Insurance Terms - Trucking

 

DISCLAIMER - The abbreviated outlines of coverage provided in this site are not intended to express any legal opinion as to the nature of insurance coverage. The terms shown on this site provide only the most basic and general description of some common terms used by the insurance industry. Please read your policy for specific details of your coverage. ONLY your policy provides coverage.

Physical Damage insurance is coverage for your truck and trailer. Your premium is based on the value of your equipment; usually a percentage of the value. This coverage is not required by law but if you finance your vehicle the lienholder will require it. It is important to insure your vehicle for the real value. Not over or under value the vehicle as the insurance company will only pay market value at the time of the loss.

Primary Auto Liability insurance is required by federal regulations. Every carrier must carry liability insurance on every rig even on leased units. Liability insurance protects you when a third party is injured in an accident. Owner-operators should ask when leasing onto a company who will pay for their insurance - the company or from driver weekly settlements.

General Liability insurance protects the business for any property damage or bodily injury that might occur which does not involve a truck. Typical examples of this would include the slip and fall exposure at your place of business, advertising related exposures, and/or contractual exposures you may get involved in.

Non-Trucking Liability insurance pays for an accident when the driver/truck is not under dispatch. The coverage is sometimes referred to as Deadhead coverage or Bobtail liability.

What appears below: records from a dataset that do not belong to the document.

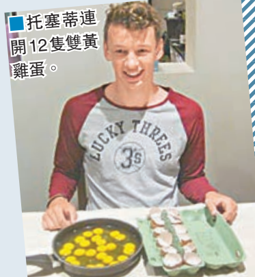
■托塞蒂連開12隻雙黃雞蛋。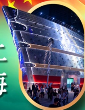
เรืออะทลันติก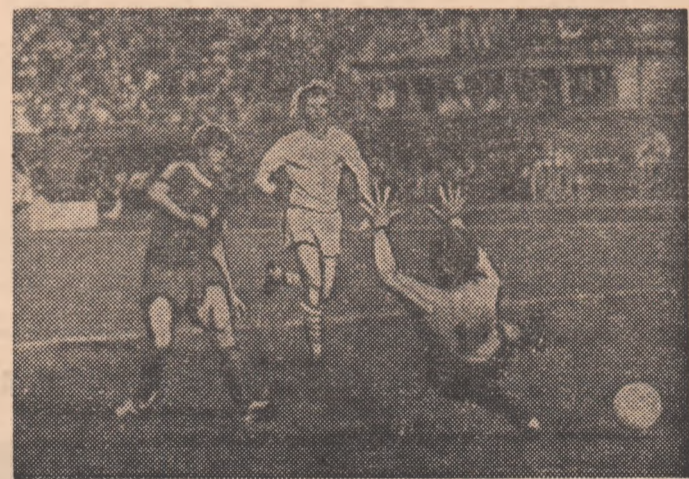
Năstase a șutat plasat, deschizînd scorul (Fază din meciul Progresul — Steaua, disputat ieri)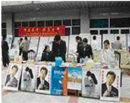
图为瑞丽市出入境检验检疫局的宣传展台

作的艾滋病预防和减少歧视的宣传材料色彩明快，文字通俗易懂，对群众具有很大的吸引力。很多路人主动前来索取宣传材料，提出问题。多数提问者在工作人员的详细解释后，都表示艾滋病固然可怕，但可以预防，应该给艾滋病病毒携带者和病人一个好的环境和氛围。也有少数人认为对于母婴传播和血液传播而感染的人是可以给予帮助和支持的；但那些由性传播感染的人则是咎由自取，是该受到惩罚的。可见，即使在瑞丽这个艾滋病工作开展得最早、最广的地区，长期的反对歧视宣传也依然是一项艰巨的任务。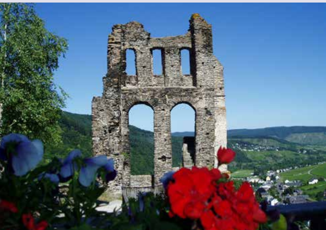
Blick auf Traben-Trarbach von der Grevenburg

Bei individuellen Weinproben, Weinbergstouren und Keller-führungen im Anbaugebiet des berühmten Mosel-Rieslings erfahren Sie gelebte Winzertradition. Eine Führung durch das mystische Halbdunkel der Traben-Trarbacher Unterwelt lädt zudem zu spannenden Entdeckungen rund um den historischen Weinbau ein, bevor Sie sich den Wein in einer der vielen gemütlichen Straußwirtschaften schmecken lassen können.

Non-Owned Trailer Liability coverage extends liability to a trailer you are pulling for someone else.

Non-Owned Trailer Physical Damage coverage insures the trailer you are pulling for someone else in the event of loss.

Trailer-Interchange Liability coverage protects a trailer you are pulling when there is an interchange agreement in force.

Cargo Insurance covers damage/loss to freight in transit. This coverage can have many exclusions; such as unattended vehicle, maximum theft limitations on target commodities such as garments, liquor, electronics and a whole host of others. It is very important to read this policy closely in the event you think you may be covered for something and you are not.

 

 

Terminal Coverage protects freight located at specified terminals in the event of loss. Usually there are time limitations related to this coverage. For example: 72 hours maximum per specified load. If the goods are stored longer than the terminal time you would most likely want to purchase Warehouse Legal coverage. Again it’s very important to read your policy. This amount of coverage is dependent on the total amount of goods stored/docked/off-loaded at any one time.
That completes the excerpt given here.